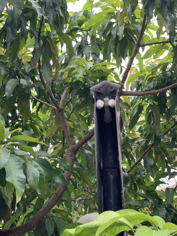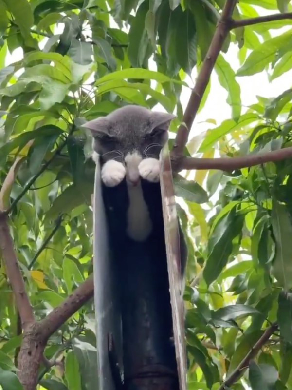 ▼貓咪趴在桿子上熟睡,可愛的山竹手手舉在眼前。推主擔心牠被困住,於是試著叫醒牠。沒想到牠聽到後稍稍睜開眼睛看了一下,然後又繼續睡覺,一點也不在乎別人的眼光。
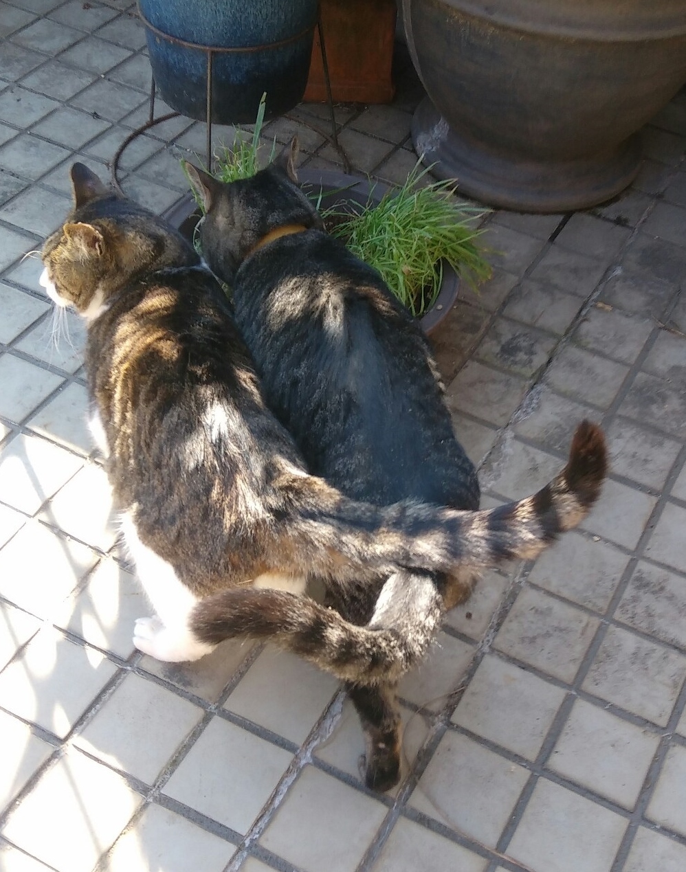 我が家のミクシーとムネシロウ(まるで肩を組んでいるようなしっぽ)
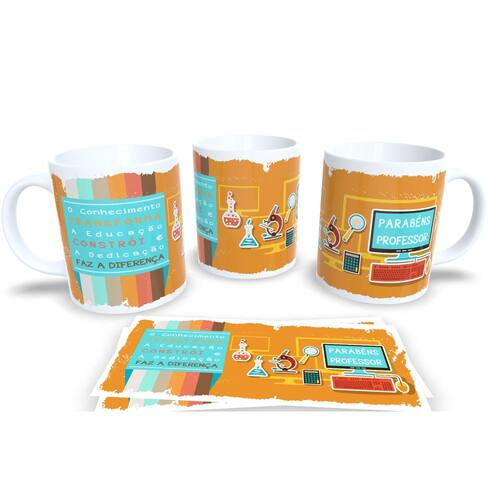 Caneca personalizada de porcelana de alto brilho, com interior e Alça branca Coleção dia dos Professores.
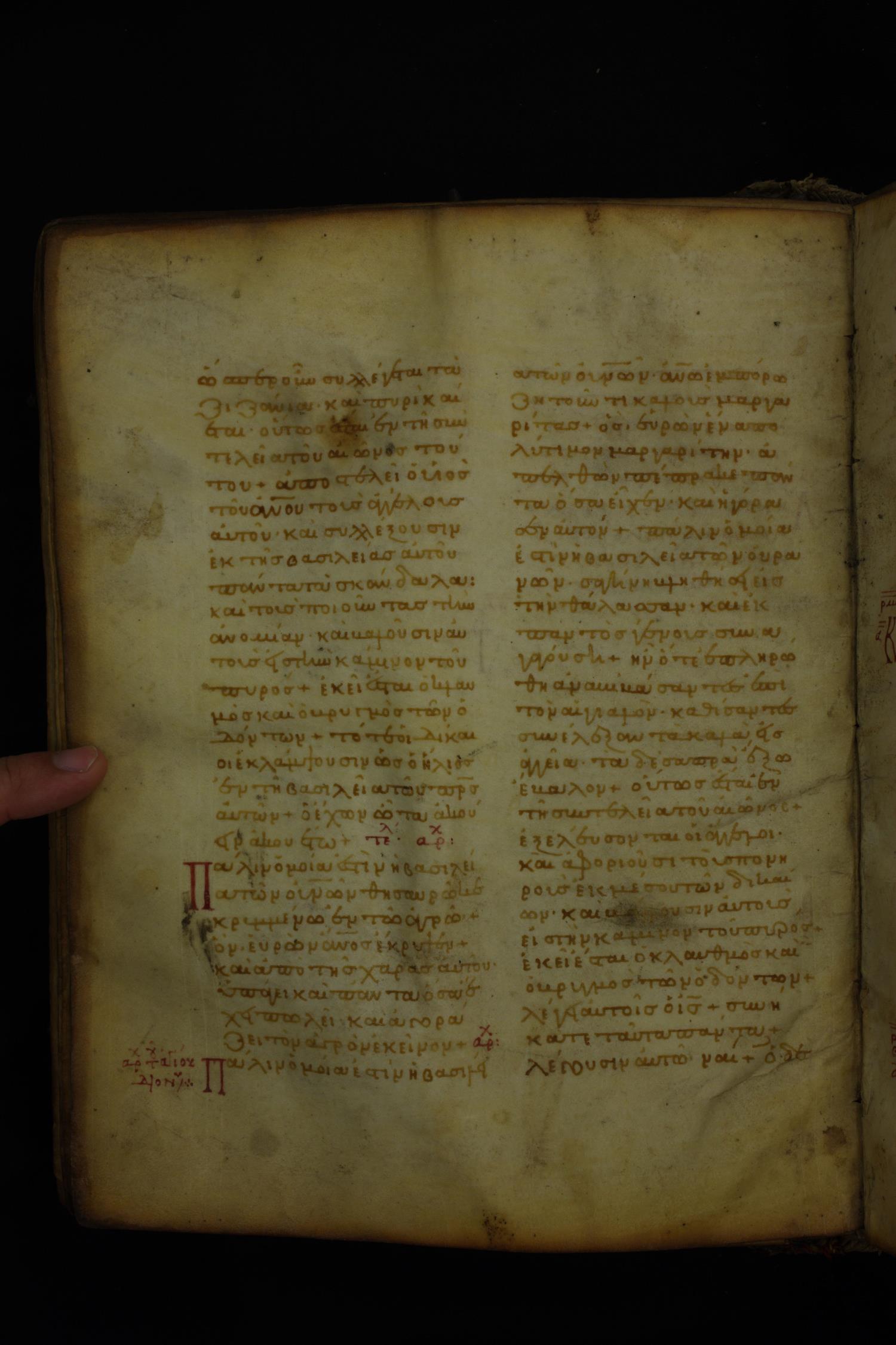 Twelfth century minuscule of the Gospels on parchment; 185 leaves, 2 columns, 26–30 lines per column.

REQUIREMENT =
All that is required is an exact reproduction of the lines from the one containing "我が家のミクシーとムネシロウ(まるで肩を組んでいるようなしっぽ)" to the final line of the listing above, pictures omitted.

RESPONSE TO THIS TASK =
 我が家のミクシーとムネシロウ(まるで肩を組んでいるようなしっぽ)
 Caneca personalizada de porcelana de alto brilho, com interior e Alça branca Coleção dia dos Professores.
 Twelfth century minuscule of the Gospels on parchment; 185 leaves, 2 columns, 26–30 lines per column.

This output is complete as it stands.